10.The application of chimney technique in TEVAR of aortic arch lesions
Wei GUO ; Hongpeng ZHANG ; Xiaoping LIU ; Tai YIN ; Xin JIA ; Jiang XIONG ; Xiaohui MA ; Minhong ZHANG ; Faqi LIANG ; Guohua ZHANG
Chinese Journal of General Surgery 2010;25(7):536-539
Objective To evaluate the feasibility of chimney technique during thoracic endovascular aneurysm repair(TEVAR) in aortic arch lesions. Methods The stent-graft was deployed covering super arch branch artery in arch lesions in case there was not enough landing zone. A chimney stent was put in the super arch branch artery.
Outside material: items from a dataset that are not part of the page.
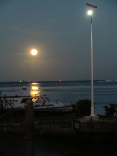 Le soleil a rendez-vous avec la lune, en effet sur cette photo, les rayons solaires que nous renvoie la lune, arrivent 12 heures après la lumière que notre lampadaire solaire a capté la veille. |
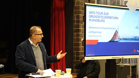 Es war eine sehr gute, interaktive Veranstaltung, bei der alle Fragen der Anwesenden beantwortet wurden. Für alle, die nicht dabei waren, hier die Links zur PowerPoint-Präsentation, zur Seite Grundsteuer Hamburg und zum Wohnlagenverzeichnis Hamburg
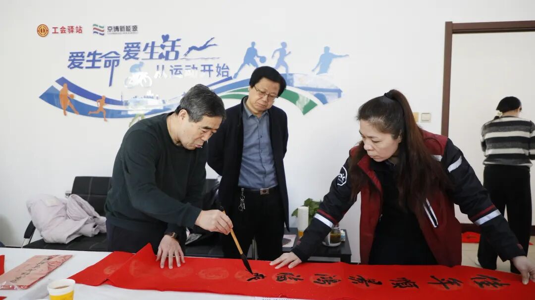 活动现场,来自省、市书法美术家协会的名家以笔为媒、以字传情,用最传统的方式,为产业工人、新就业形态劳动者、农民工等书春送福。滨州市职工文体协会美术专业委员会主席张家会表示:“非常高兴能为文化建设献一份微薄之力、为职工群众送一份真挚祝福”。

We retrospectively analyzed the data of this group, aiming at summarizing the indications, methods, results and complications of chimney technique. Results From August 2004 to August 2009, 27 aortic arch lesions were treated by TEVAR with chimney stent, male/female ratio was 25/2, average age was 67. 2 ±3. 8 years, including3 chimney stents for innominate artery, 11 chimney stents for left common carotid artery and 13 chimney stent for left subclavian artery. Type I endoleaks were encountered in 18. 5% (5/27) of this group by final angiogram. Left common carotid artery dissection was caused by puncture in one case. One patient died of respiratory failure. There was no postoperative stroke nor bleeding. Discharged patients were followed up from 3 to 60 months, averaging at 16. 8 months. There was one death from MI 4 years later. There was minor stroke and left subclavian artery chimney stent occlusion in one each cases during the follow-up. All endoleaks were sealed without stent migration. Conclusion Chimney technique improves the length of landing zone and decreases effectively the endoleak rate.